-- Input for this task follows --

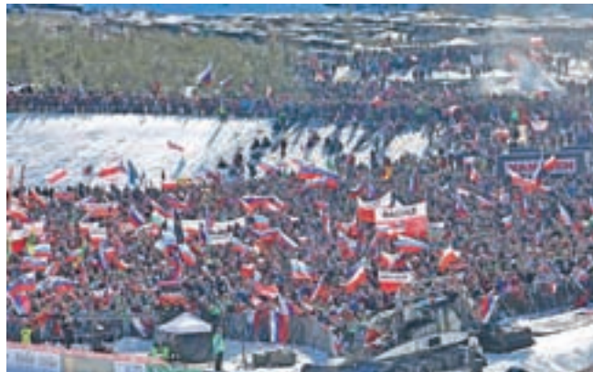
Planica se je vse dni kopala v soncu in množici obiskovalcev.

Že uvodni dan s preizkusom letalnice je napovedal izjemno Planico, ki se je vse dni kopala v soncu in množici obiskovalcev. Za Zgornjesavsko dolino je finale svetovnega pokala v smučarskih skokih izjemnega pomena. Prihodnje leto bodo pod Ponca letalci prišli že januarja, ko bo Planica gostila svetovno prvenstvo v poletih.
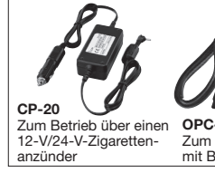
CP-20 Zum Betrieb über einen 12-V/24-V-Zigarettenanzünder OPC-656 Zum Betrieb mit BC-121N
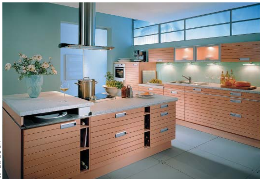
fol. ALNO EKSPERT
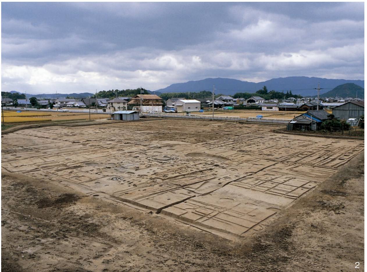
1. 調査区全景 南東から
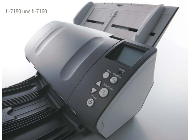
fi-7180 und fi-7160
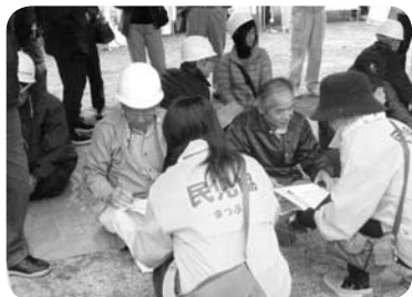
昨年の防災訓練での安否確認の様子

近ごろ、台風、豪雨、竜巻、地震などの災害が多く、その発生被害も大きくなっています。

-- Input for this task concluded --

| Your objective |
Starting at the line that contains "昨年の防災訓練での安否確認の様子", copy every line down to the last line of the records above, exactly as written.

| Exercise answer |
昨年の防災訓練での安否確認の様子

近ごろ、台風、豪雨、竜巻、地震などの災害が多く、その発生被害も大きくなっています。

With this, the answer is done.